Monday, Aug. 06, 1928
"Sam, We Are Here!"
Political forces emanating from the U. S. and Japan were exerted at cross purposes, in China last week, not against each other but none the less in conflict. Both military intimidation and diplomatic pressure were employed by the Imperial Japanese Government against the new Chinese Nationalist State. The reason was that the Nationalists had just served notice that they will not extend or renew the Sino-Japanese commercial treaty of 1896, which grants concessions most advantageous to Japan. In an effort to compel the Chinese Nationalists to reconsider, the Mikado's Government took four drastic steps. First, it refused to take diplomatic cognizance of the Chinese note. Second it stated its determination to consider that the Sino-Japanese treaty continues in force (although the expiration date is two years past) by virtue of an ambiguous automatic renewal clause. Third, it succeeded in breaking off an arrangement whereby the young Dictator of Manchuria, Chang Hsueh-liang, had agreed, last week to place himself in subordinate alliance with the Nationalists. Lastly, Chang was not only compelled by the Japanese to break his agreement, but was detained in his own capital, Mukden, by Japanese troops who clamped a censorship upon all means of communication.
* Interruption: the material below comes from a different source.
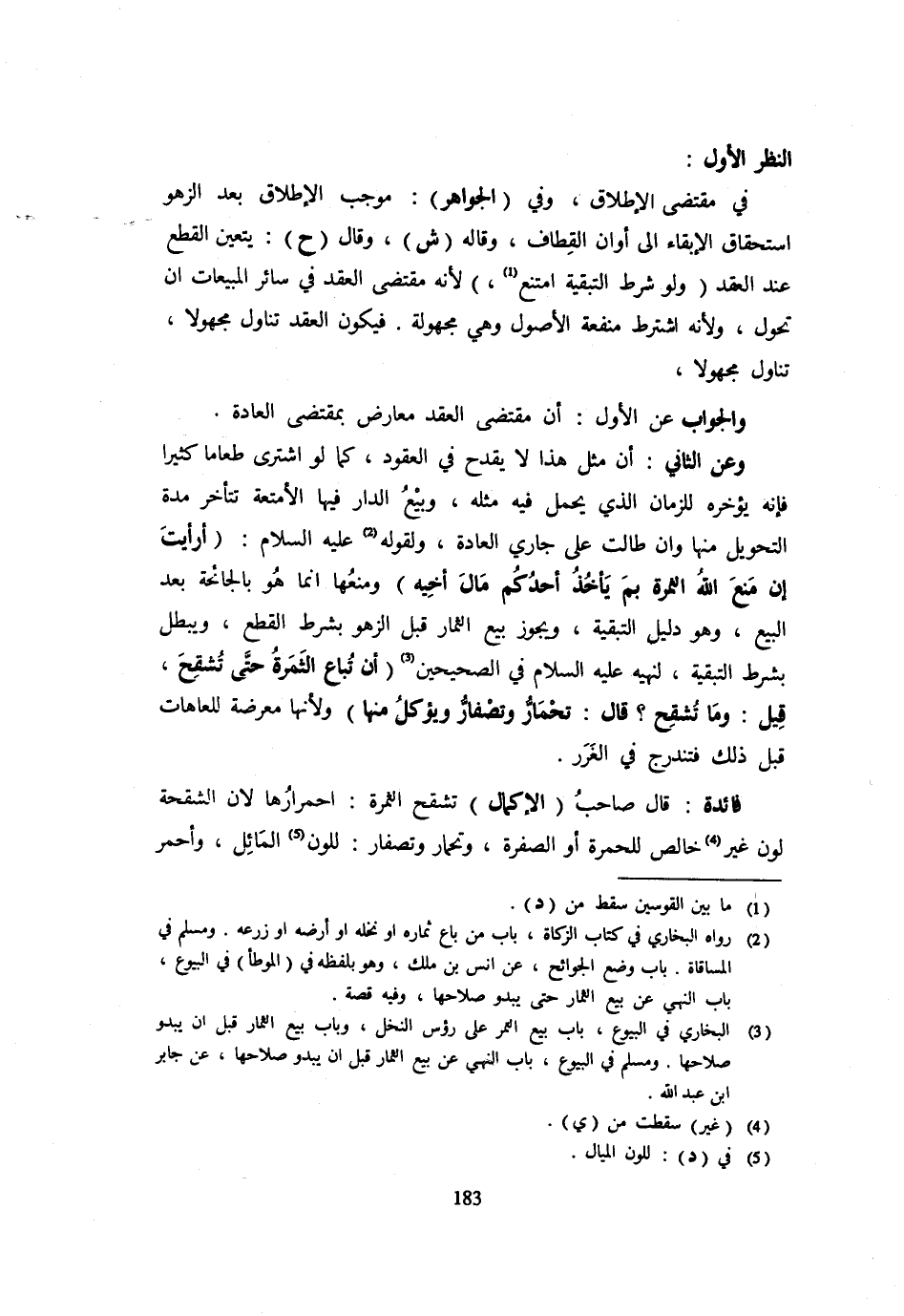 النَّظَرُ الْأَوَّلُ: فِي مُقْتَضَى الْإِطْلَاقِ وَفِي (الْجَوَاهِرِ) : مُوجَبُ الْإِطْلَاقِ بَعْدَ الزَّهْوِ اسْتِحْقَاقُ الْإِبْقَاءِ إِلَى أَوَانِ الْقِطَافِ وَقَالَهُ (ش) وَقَالَ (ح) : يَتَعَيَّنُ الْقَطْعُ عِنْدَ الْعَقْدِ (وَلَوْ شَرَطَ التَّبْقِيَةَ امْتَنَعَ) لِأَنَّهُ مُقْتَضَى الْعَقْدِ فِي سَائِرِ الْمَبِيعَاتِ أَنْ تَحَوَّلَ وَلِأَنَّهُ اشْتَرَطَ مَنْفَعَةَ الْأُصُولِ وَهِيَ مَجْهُولَةٌ فَيكون العقد تنَاول مَجْهُولا تَنَاوَلَ مَجْهُولًا وَالْجَوَابُ عَنِ الْأَوَّلِ: أَنَّ مُقْتَضَى الْعَقْدِ مُعَارَضٌ بِمُقْتَضَى الْعَادَةِ وَعَنِ الثَّانِي أَنَّ مِثْلَ هَذَا لَا يَقْدَحُ فِي الْعُقُودِ كَمَا لواشترى طَعَامًا كَثِيرًا فَإِنَّهُ يُؤَخِّرُهُ لِلزَّمَانِ الَّذِي يُحْمَلُ فِيهِ مِثْلُهُ وَبَيْعُ الدَّارِ فِيهَا الْأَمْتِعَةُ تَتَأَخَّرُ مُدَّةُ التَّحْوِيلِ مِنْهَا وَإِنْ طَالَتْ عَلَى جَارِي الْعَادة لقَوْله - صَلَّى اللَّهُ عَلَيْهِ وَسَلَّم َ - (أَرَأَيْتَ إِنْ مَنَعَ اللَّهُ الثَّمَرَةَ بِمَ يَأْخُذُ أَحَدُكُمْ مَالَ أَخِيهِ) وَمَنْعُهَا إِنَّمَا هُوَ بِالْجَائِحَةِ بَعْدَ الْبَيْعِ وَهُوَ دَلِيلُ التَّبْقِيَةِ وَيَجُوزُ بَيْعُ الثِّمَارِ قَبْلَ الزَّهْوِ بِشَرْطِ الْقَطْعِ وَيَبْطُلُ بِشَرْطِ التبقية لنَهْيه - صَلَّى اللَّهُ عَلَيْهِ وَسَلَّم َ - فِي الصَّحِيحَيْنِ (أَنْ تُبَاعَ الثَّمَرَةُ حَتَّى تُشقح قِيلَ: وَمَا تُشقح؟ قَالَ: تَحْمَارُّ وَتَصْفَارُّ وَيُؤْكَلُ مِنْهَا) وَلِأَنَّهَا مُعَرَّضَةٌ لِلْعَاهَاتِ قَبْلَ ذَلِكَ فَتَنْدَرِجُ فِي الْغَرَرِ فَائِدَةٌ: قَالَ صَاحِبُ (الْإِكْمَالِ) تَشَقُّحُ الثَّمَرَةِ: احْمِرَارُهَا لِأَنَّ الشَّقْحَةَ لَوْنٌ غَيْرُ خَالِصٍ لِلْحُمْرَةِ أَوِ الصُّفْرَةِ وَتَحْمَارُّ وَتَصْفَارُّ لِلَّوْنِ الْمَائِلِ وأحمر

At this point the new Nationalist State, not yet recognized by any Great Power, stood badly in need of such moral support as could be given, for example, by the U. S. To a certain blatant U. S. newspaper publisher must go the credit for signing and publishing, last week, a superb, soaring overstatement of what was in the hearts of many U. S. friends of China, as follows: Give China her recognition quickly, sympathetically, heartily. It is only one hundred and fifty years since we were winning our own independence. There may be a time when complications with Japan and all the other envious nations which hate us may make China's friendship valuable. We are a self-reliant people, but the time may come when we would be pleased, if only for the satisfaction of it, to hear four hundred million Chinese voices singing, "Uncle Sam, we are here!"
WILLIAM RANDOLPH HEARST.
Even as the clarion brayed, swift silent messages were flashing across land and under sea from U. S. Secretary of State Frank Billings Kellogg to Chinese Nationalist Foreign Minister C. T. Wang.* Within the astoundingly short space of one day a U. S.-Nationalist trade treaty was negotiated, rushed onto parchment and signed at Nanking, China, by the U. S. Minister, John Van Antwerp MacMurray and Nationalist Finance Minister T. V. Soong (Sung Tsu-wen, Harvard alumnus). Thus the U. S. extended de facto recognition to the Nationalists and signified that recognition de jure will speedily follow. Bitter was the wrath of most Japanese editors; several venomously paraphrased the statement that "hypocritical Uncle Sam has committed toward Japan an almost unfriendly act." The new Sino-American treaty nullifies all previous agreements between the parties respecting Chinese tariffs and mutually guarantees "most favored nation" tariff status. Throughout the week, Imperial Japan continued to mount guard over Manchuria like some watchful bird of prey perched near an enticing fruit. Indeed this metaphor was humorously sketched into a cartoon (see p. 22) by the clever staff artist of Shanghai's North China Herald. Japanese were speechless with wrath when they detected in the sketch an unmistakable resemblance between the bespectacled bird representing Japan and His Imperial Highness Prince Chichibu of Japan, who wears spectacles, often dons a military cap & uniform, and is both heir-apparent and brother of the Sublime Emperor. Appropriate, thought observers, would be a cartoon depicting Frank Billings Kellogg benevolently exclaiming to a venerable Chinaman, "Confucius, we are here!"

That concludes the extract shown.